Here's an example demonstrating my problem:
Console.WriteLine("Int32");
Console.WriteLine(new[] { 1, 2, 3, 0}.GetHashCode());
Console.WriteLine(new[] { 1, 2, 3, 0 }.GetHashCode());
Console.WriteLine("String");
Console.WriteLine(string.Join(",", new[] { 1, 2, 3, 0}).GetHashCode());
Console.WriteLine(string.Join(",", new[] { 1, 2, 3, 0 }).GetHashCode());
Output:
Int32
43124074
51601393
String
406954194
406954194
As you can see, the arrays return a different hash.
Is there any way of getting the performance of the long array hash, but the uniqeness of the string hash?
See my own answer below for a performance comparison of all the suggestions.
About the potential duplicate -- that question has a lot of useful information, but as this question was primarily about finding high performance alternatives, I think it still provides some useful solutions that are not mentioned there.
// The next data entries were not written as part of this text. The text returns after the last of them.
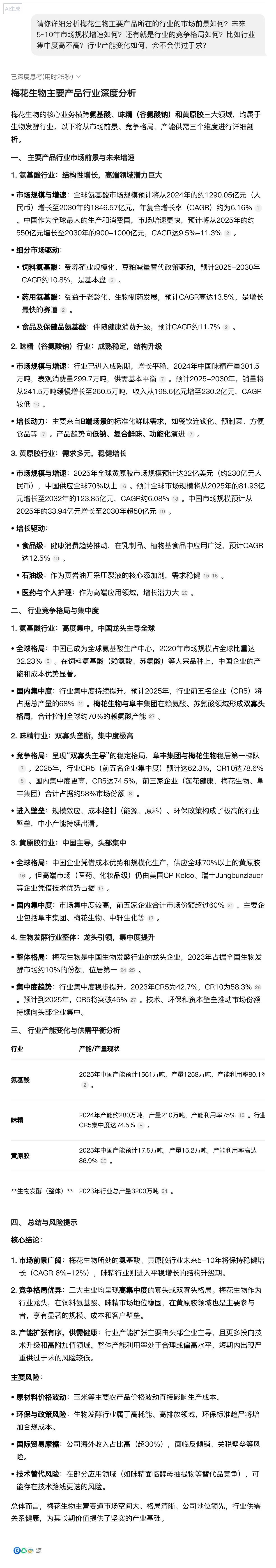 3、梅花生物主要产品所在的行业的市场前景如何?未来5-10年市场规模增速如何?还有就是行业的竞争格局如何?比如行业集中度高不高?行业产能变化如何,会不会供过于求?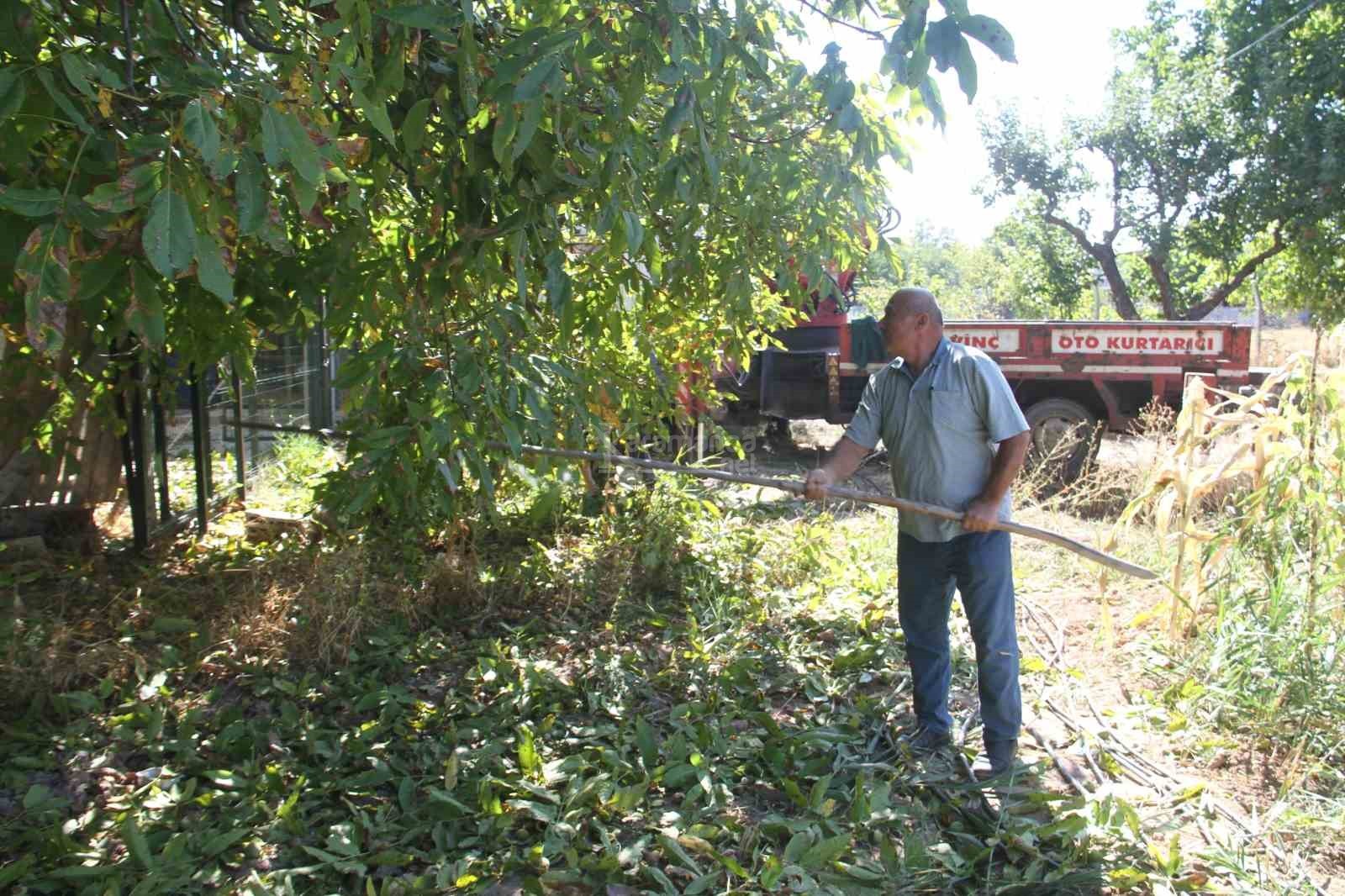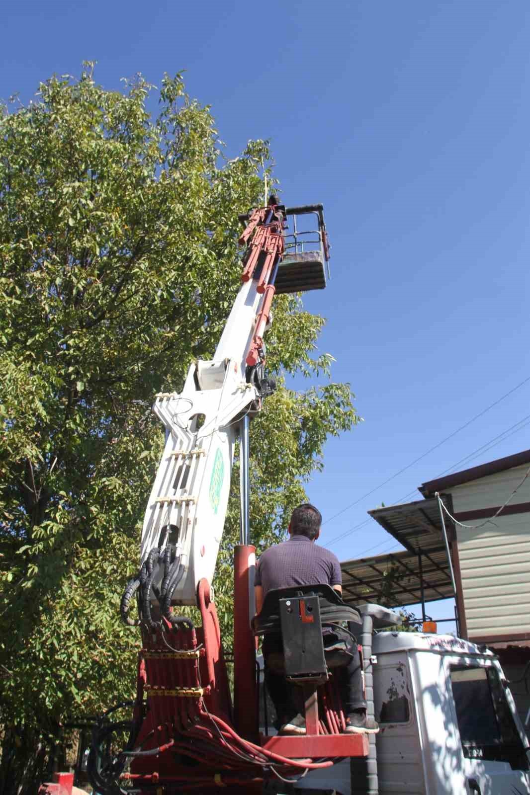 Bahçe sahibi oto kaporta ustası Musa Şahin, atadan kalma bahçelerinde ceviz ağaçlarının da olduğunu belirterek, çocukluk yıllarından beri bu ağaçlarda yetişen ürünü "ceviz çırpma" olarak da nitelendirilen işlem yoluyla, sırık denilen sopalarla ağaçların dallarına ya da yapraklarına vurarak yere düşürüp hasat ettiklerini söyledi. Şahin, son yıllarda ise bu iş için işyerindeki vinci kullanmaya başladıklarını anlattı. şyerinde vinç hizmeti vermelerinden dolayı ceviz hasadını 5-6 yıldır can güvenliğinin olması ve işlerini hızlandırıp kolaylaştırması nedeniyle vinç yardımıyla yapmaya başladıklarını aktaran Şahin, "Vincin sepeti yardımıyla artık ceviz toplama işini zahmetsizce yapıyoruz.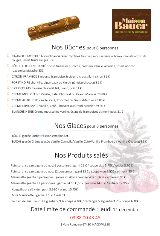 L’histoire de la Maison BAUER débute en 1949 lorsque son fondateur, Albert BAUER, ouvre une boulangerie-pâtisserie au village.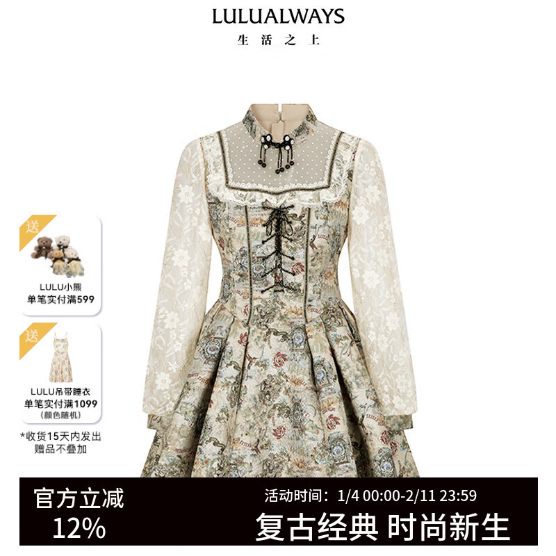 LULUALWAYS【商场同款】24秋季新款复古公主风高腰显瘦印花连衣裙 米白色 S

That the first one is different is actually good. Arrays are a reference type and luckily they are using the reference (somehow) during hash generation. I would guess that is something like the Pointer that is used on machine code level, or some Garbage Colletor level value. One of the things you have no influence on but is copied if you assign the same instance to a new reference variable.
In the 2nd case you get the hash value on a string consisting of "," and whatever (new[] { 1, 2, 3, 0 }).ToString(); should return. The default is something like teh class name, so of course in both cases they will be the same. And of course string has all those funny special rules like "compares like a value type" and "string interning", so the hash should be the same.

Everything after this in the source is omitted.